When it comes to food, politicians often ignore the biggest wins

When it comes to food, politicians often ignore the biggest wins

To mark World Food Day, Vicki Hird looks at how the needs of nature and humans can and should be met through changes throughout our food system.

Today, 16th October, marks World Food Day, commemorating the day the United Nations Food and Agriculture Organization (FAO) was created.  

After 80 years of existence, I wonder whether the FAO has enough power and the right governance to deliver on its aims of “creating a peaceful, sustainable, prosperous, and food-secure future”. 

There is a lot of money to be made by the food industry in maintaining the status quo - from the traders and financiers to those selling inputs to farmers.  

Yet we’re seeing this status quo simply isn’t working any more. 
 

People and wildlife are suffering from a food system that isn’t working

Modern farming in many parts of the world has been hugely successful in terms of yields, but we still have between 638 and 720 million people globally facing hunger in 2024. Also notably, for the first time, there are more children in the world who are obese than underweighti - a different form of malnutrition.  

Farmers globally have an ever-shrinking share of the food pound and struggle to pay workers and treat the land and animals well.  

Fishers and the marine environment are also suffering through over-exploitation of stocks and use of damaging practices for a rapacious food system.  

Most crucially is the alarming evidence demonstrating just how rapidly we are eroding the natural systems on which we depend.  


From soil to sea, ecosystems are failing: who’s accountable?

Our ecosystems, like soil, and natural pollination services are in a bad way. The UK State of Nature report shows how our pest predators, pollinators and water systems have been in decline since the 1970s.ii One in six UK fish stocks are overfished and yet are still being fished beyond their safe limits, including core species like Celtic Sea cod and haddock.iii  

Something is not working – for us, for nature, for farmers, for fisherfolk. And whilst there are many drivers for this including poverty and inequality, conflicts and (the highly relevant) climate crisisiv, we also need to look hard at whether we have the right levers being pulled by the right players.  

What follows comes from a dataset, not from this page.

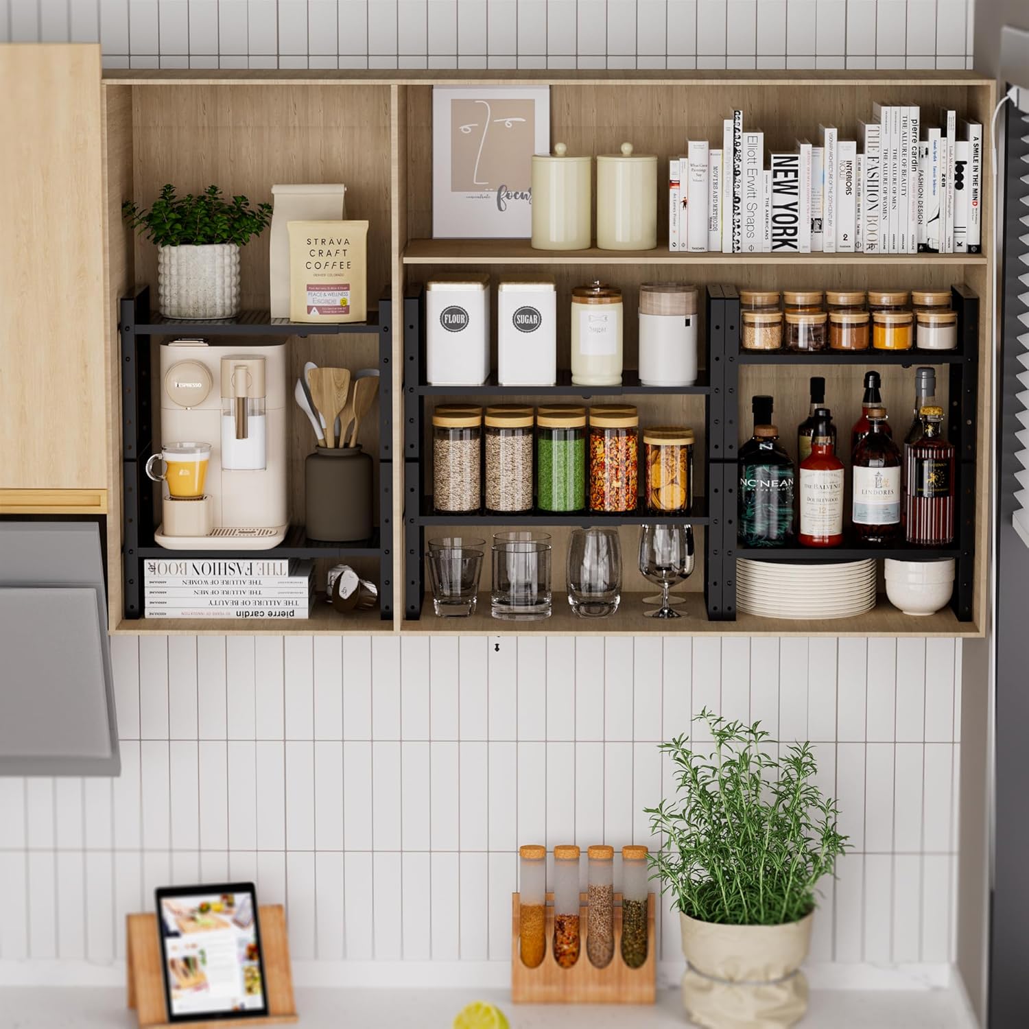 Expandable Shoe Rack Stackable Metal Pantry Storage Shelves Stand Adjustable Height Cabinet Shelf Organizer Racks Spice Shelving(1PACK/BLACK,LARGE)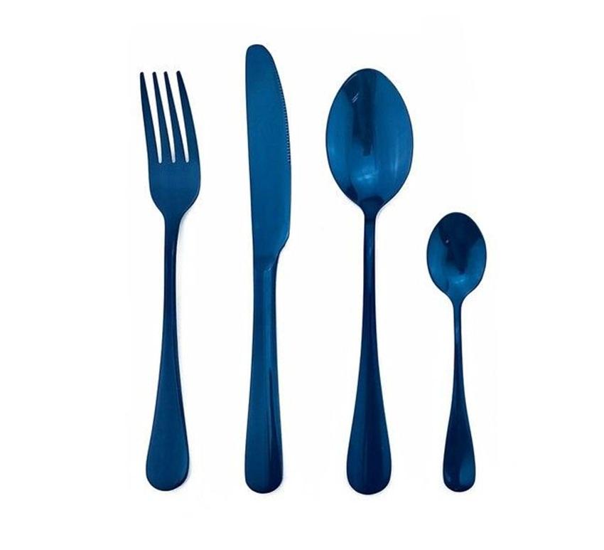 ชุดเครื่องใช้บนโต๊ะอาหารสแตนเลสสีด้านพร้อมด้วยด้ามจับโลหะประกอบด้วยช้อนส้อมมีดสีฟ้า4ชิ้น

Are those profiting from the cheap food agenda and the global trade in low-cost food commodities having too much influence over national decisions and regulations? 


Feeding us means protecting nature  

Other than pollination by bees and the role of earthworms, the rest of the work done by nature in our food system is often overlooked and poorly understood. Almost all our food supply needs nature.  

From the insects, microbes, fungi, spiders, slugs and plants creating a rich soil medium for us to grow food in, to the vast range of pollinating invertebrates and the amazing work of the snails, fungi and fish breaking down plant matter so nutrients in them can be reused.  

Putting a figure on the human value of all these nature services is extremely difficult. The ONS suggests the total asset value of ecosystem services alone in England was £5.431billion for agriculture in 2020 but that does not cover all the assets related to food productionv 

The UK Government’s Food Security Report 2024vi makes it clear that climate change and ecological breakdown pose existential threats to food security.  

It’s a vast natural workforce out there, and we should be looking after it far better than we are.  
 

We must rethink our use of land and sea to break free from harmful food systems 

Half of the world’s habitable land is used for agriculture. Around 70% of all UK land is farmed. As our recent report on the UK pig and poultry sector showed, a huge amount of land is used for feeding animals and for accommodating the unsustainable levels of manure that they make.  

We also allocate land for sugar, for producing biofuels, and producing crops for foods that are making us ill. 

Why are we not allocating land use wisely? It is partly because we are locked into ways of eating, cooking, and dining designed and derived by large corporate interests. 

We can and must be better at using the land to produce healthy food for us, make space for nature and protect ecosystems everywhere. This also goes for fish and other food from the marine environment. 

Overfishing, pollution, mismanagement of stocks and the continued use of damaging practices like bottom trawling show we are doing the same to the precious marine natural environment.  

This has all made food ingredients cheap and plentiful but at the expense of nature and our health, and at the very real risk of collapsing the ecosystems we depend on.  
 

System changes could bring food security and protect nature 

Our new 25-year vision for food and farming sets out where we need to make significant changes to how we design our food system. Our approach echoes the detailed proposals in a new Government-funded 2050 Roadmap designed by UK universities for changing the whole food system so it is resilientvii.

As the new UK Government team at the head of Defra considers all its decisions – from a food strategy to achieve a Good Food Cyle, to a land use strategy to manage all the competing demands - it must consider the essential nature of ecosystems. 

The solutions are already well known for diverse nature-friendly farming, sustainable fishing, agroecological diets and a just transition for those providing us with food. Society just needs to have a stronger say in decision making and via governance structures than those interested in short-term profits. 

World Food Day is an international day celebrated on 16th October, to commemorate the day the United Nations Food and Agriculture Organization was created in 1945.